Adesanya ha riportato tutto a casa

Israel Adesanya si trovava in un abisso. Ma in quell’abisso non ha mai smesso di vedere uno spiraglio di luce, e gliene va dato atto. Perché Israel Adesanya è un visionario, un fighter unico ma anche un po’ eccentrico, un po’ oracolo. A quota tre sconfitte e nessuna vittoria contro Pereira (tra MMA e il loro reciproco passato nella kickboxing) un uomo che fa paura anche a sé stesso, come ha detto lui nei video promozionali nei giorni antecedenti all’incontro, Adesanya aveva tutto da perdere. Con la precedente sconfitta, che gli è costata il titolo, aveva già perso lo status di dominatore dei pesi medi, ma una seconda sconfitta avrebbe azzerato il discorso probabilmente per sempre. Adesanya, per come lo abbiamo conosciuto, non ci sarebbe stato più, si sarebbe dovuto ricostruire quasi da zero.

Pereira gli aveva preso tutto quello che c’era da prendere: titolo, consapevolezza e anche attenzione mediatica. Per questo Nnel corso della conferenza precedente all’evento, Adesanya si era presentato con un collare in stile Danny the Dog (il film di Louis Leterrier con protagonista Jet Li) dicendo di essere un cane pronto a scatenarsi. Nulla di strano, conoscendolo: la costruzione mediatica dei suoi match è sempre complessa e un po’ artefatta. Un modo come un altro per dirci che era pronto a tutto.

A dire il vero, anche nel primo match tra i due Adesanya aveva fatto capire di avere i mezzi e le qualità per battere Pereira, ma dopo aver controllato in larga parte il match alla fine la mentalità il brasiliano aveva avuto la meglio e, come un fulmine che cadeva tre volte nello stesso posto, era riuscito a prendersi una vittoria contro di lui anche nelle MMA. Si è parlato molto di quello che sarebbe stato il loro secondo match, ci si chiedeva soprattutto se Adesanya avrebbe fatto wrestling, arrivando a dei meme in cui indossava la papakha caucasica tipica dei daghestani. Invece Adesanya ha voluto superare la sua nemesi proprio su quello stesso piano che gli aveva dato così tanti dolori, quello dello striking.

La differenza con il primo match è stata nel ritmo e negli spazi da coprire.
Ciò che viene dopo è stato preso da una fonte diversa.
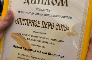 Журналисты радио Baltkom Вадим Радионов и Анна Смирнова стали лауреатами международного конкурса журналистов «Янтарное перо 2019», ежегодно проводимого посольством России в Латвии. В номинации «Лучший аналитический материал по российской тематике» (категория радио) победа досталась программе «Встретились, поговорили» с участием известного российского тележурналиста Владимира Познера.
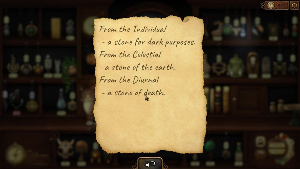 In Strange Antiquities, placing the correct items on the three plinths in the correct order unlocks a hidden cabinet containing a new clock puzzle:

Adesanya ha aggredito col footwork e i movimenti di corpo Pereira, che comunque è rimasto composto e, forse, ha ottenuto un leggero vantaggio nel controllo del primo round, in cui entrambi hanno preso le misure piuttosto che aprire un gioco al massacro. Una volta a proprio agio, Pereira ha iniziato a colpire Adesanya con pesanti leg kick. Adesanya, dal canto suo, non ha avuto problemi a passare ad una stance southpaw e concedersi jab destri ed overhand sinistri poco prevedibili.

Una delle cose più sorprendenti è stata la scelta della distanza dalla quale si sono affrontati: una distanza minima, dalla quale si possono sferrare solo colpi corti e precisi, oppure cercare angolazioni inusuali. Proprio quest’ultima scelta ha regalato una vittoria storica ad Israel Adesanya.

Adesanya non ha lasciato respiro a Pereira che, invece di provare a schivare, ha preferito incassare per rispondere con reazioni, se possibile, ancora più pesanti. Il vero match si è aperto nella seconda ripresa, quando Israel ha iniziato a torchiare Pereira per rompere la sua postura solida e composta: gli overhand, gli high kick di Adesanya si sono infranti sulla guardia del brasiliano, procurandogli comunque dei danni non indifferenti. Pereira ha continuato ad avanzare con il suo volto minaccioso tipico dei Pataxò, la tribù di cui fa parte, mentre Adesanya con uno sguardo insolito, concentrato e determinato, lo ha accolto con un grande lavoro di in&out, fatto di colpi secchi, precisi, pesanti.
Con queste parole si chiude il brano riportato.